Pork production is expected to be up by 2.7 percent for the second quarter. Recently, the weekly year-over-year increase in pork production has been more like 5 percent. The export market has provided a home for much of this pork, but higher production could be a real challenge for pork prices this summer.

As for poultry, weekly broiler production currently remains about 5 percent below year-ago levels; however, the pace of production appears to be picking up.

Egg sets and chick placements are still running below year-ago levels, but the gap has narrowed substantially in recent weeks as integrators do not appear inclined to repeat last year's much-sharper-than-normal summer reductions, despite weaker broiler part prices over the past month or so.

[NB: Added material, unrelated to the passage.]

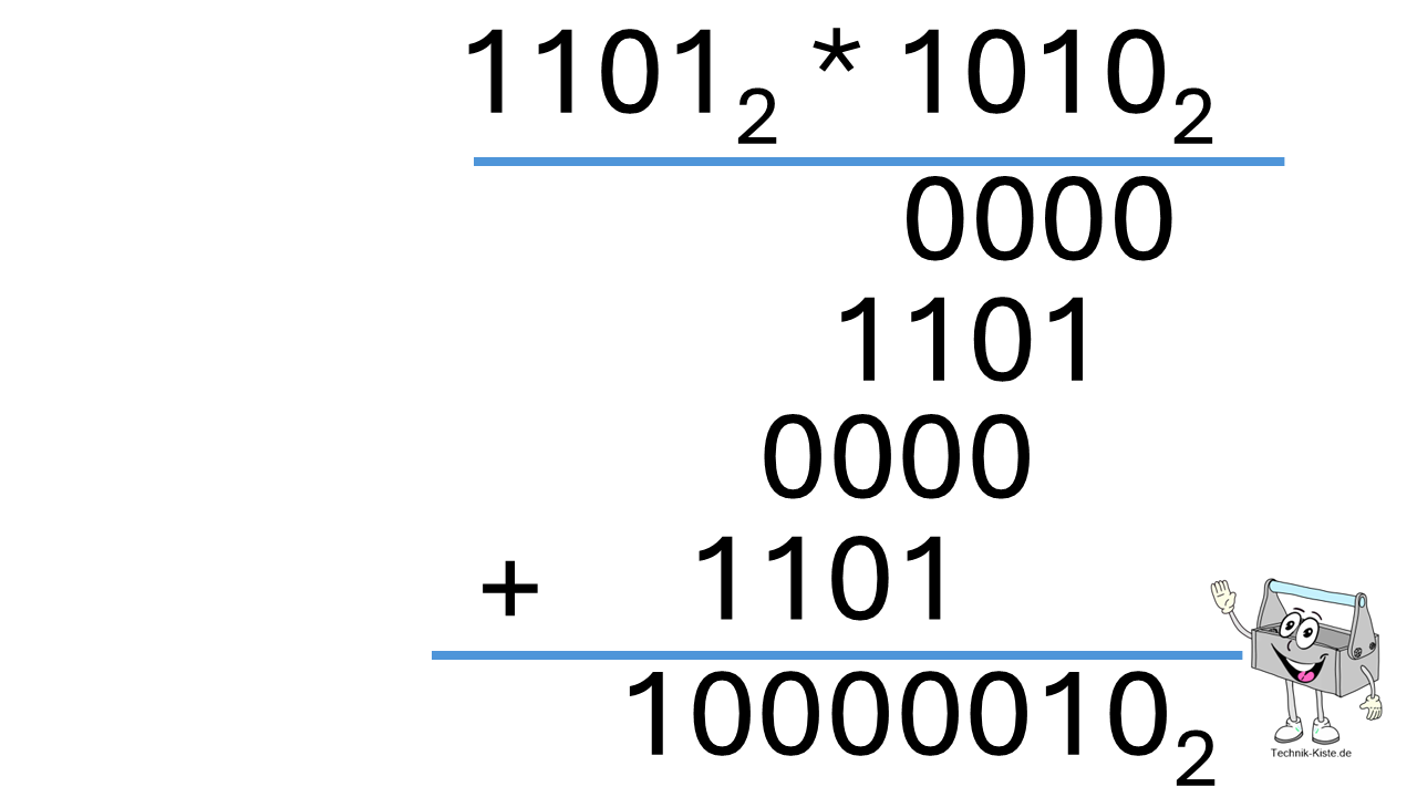Schriftliche Multiplikation im Binärsystem. Quelle: Technik-Kiste.de

Also looming on the horizon is the potential for Mexico to implement large anti-dumping duties on US leg quarters. (We've seen the Russian and Chinese versions of that movie before, and it doesn't have a happy ending.)

The bottom line is that competing meat prices are likely to slip relative to beef prices, making it more difficult to maintain beef prices at current levels.

Of course, outside markets will also play a role in determining where beef prices go from here.

The U.S. economy continues to muddle through a weak recovery.

The pace of recovery seems unlikely to improve as important questions about the U.S. fiscal environment (namely, the future of the Bush-era tax cuts and the fate of the "mandatory" spending cuts that were part of last year's debt ceiling agreement) will probably remain unanswered until after the election this fall.

The European soap opera will be an ongoing source of uncertainty for the macro economy – unless it suddenly ends very badly, in which case it will be a certain source of trouble.

Considering the beef market in the context outlined above, the recent performance of beef (retail and wholesale) and cattle prices has been pretty remarkable. Tight supplies and resilient consumer demand can overcome a lot of other negative factors.

Still, further improvement from current levels – especially at this time of year – would be a remarkable feat. I guess if it was easy to get past a $2 cutout, we'd have done it already.  

The Markets
Last week, fed cattle added about a dollar to the prior week's price in most locations – a little better than that in Nebraska, where prices were called $1 to $2 higher.

Last week's calf prices were kind of a mixed bag. Compared to two weeks earlier (due to the Memorial Day holiday) OKC prices were called steady to $2 higher on most classes. Prices at Joplin, Missouri, were called $1 to $5 lower on calves; steady to $3 higher on yearlings. In the national summary report from USDA, yearling prices were noted to be mostly steady with some up to $2 higher.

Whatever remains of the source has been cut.